2020-12-13

ジュニア

男子は大矢祥生が会心のV、原﨑朝陽に逆転勝ちで全国大会初の栄冠 [第41回全日本ジュニア選抜室内]

写真は大矢祥生(名古屋高)(撮影◎佐藤真一 / SHINICHI SATO)

2020年を締めくくるジュニア大会で公益財団法人日本テニス協会(JTA)が主催するジュニアの全国大会としては今年唯一の開催となった「JOCジュニアオリンピックカップ第41回全日本ジュニア選抜室内テニス選手権大会」(12月10~13日/兵庫県三木市・ブルボンビーンズドーム/室内ハードコート)は新型コロナウイルス(COVID-19)感染が拡大する中での開催だったが、大きな混乱もなく3日間の競技日程を終えた。

 最終日の今日は順位別トーナメントの決勝および3位決定戦が行われ、チャンピオンに輝いたのは東海選出の18歳・大矢祥生(名古屋高)だった。大矢は地元兵庫県出身の16歳・原﨑朝陽(神村学園神戸)を4-6 6-2 6-1の逆転で破り、初の全国タイトルを獲得した。

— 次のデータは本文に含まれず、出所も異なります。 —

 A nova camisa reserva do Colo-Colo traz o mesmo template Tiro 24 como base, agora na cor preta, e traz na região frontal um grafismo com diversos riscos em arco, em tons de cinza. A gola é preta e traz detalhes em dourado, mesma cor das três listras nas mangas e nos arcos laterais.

 昨年のこの大会以来、ちょうど1年ぶりの対戦となった大矢と原﨑。前回は2敗同士で迎えた1次リーグの最後の試合だった。それが今回、ともに4戦負けなしで迎える決勝戦とはなかなか感慨深いシチュエーションの変化だ。

 大矢は184cmの長身で、原﨑は左利き。それぞれ一目でわかる強みを持つ2人のラリー戦は序盤から白熱した。第1セットは終盤のブレーク合戦を制した原﨑が奪ったが、第2セットになって潮目が変わる。2-2から大矢が4ゲームを連取して最終セットに持ち込んだ。

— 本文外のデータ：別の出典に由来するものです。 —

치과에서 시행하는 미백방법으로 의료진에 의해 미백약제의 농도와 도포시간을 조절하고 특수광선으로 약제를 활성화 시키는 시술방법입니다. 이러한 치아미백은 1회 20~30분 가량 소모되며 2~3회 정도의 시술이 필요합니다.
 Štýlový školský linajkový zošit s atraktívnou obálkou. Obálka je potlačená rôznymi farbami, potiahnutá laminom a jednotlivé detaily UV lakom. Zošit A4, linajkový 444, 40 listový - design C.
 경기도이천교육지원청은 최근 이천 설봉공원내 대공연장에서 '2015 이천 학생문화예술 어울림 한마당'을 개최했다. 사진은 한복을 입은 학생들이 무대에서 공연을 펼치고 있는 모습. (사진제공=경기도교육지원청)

「1セット目は攻め込まれて、防戦一方になってしまった。でも(原﨑の)調子があのままずっと続くとは思わなかったので、ミスが出てきたところでタイミングよく上げていこうと思っていました」

 大矢はそう振り返ったが、実際に原﨑のミスは増えていた。長いラリーや競ったゲームの多くは大矢がものにし、掴んだ流れはどんどん加速。最終セットも原﨑は第1ゲームのサービスを30-0から落とし、ムードを変える機を逸した。

 原﨑には悔いの残る一戦となった。

「いつも以上に勝ちを意識して、入れにいったところがある。それが逆にミスに繋がった感じでした。もっといろいろトライして、負けるにしてもインパクトのある負け方をしたかった」

 全国大会では初めての優勝となる大矢は、「優勝どころか、これまで1試合も勝ったことがないと思う」と苦笑いした。実際は全小を除けば昨年の全日本ジュニア18歳以下で2回戦に進出しているが、「全国大会になるといつも雰囲気に圧倒されて、実力を発揮できなかった」と大矢は打ち明けた。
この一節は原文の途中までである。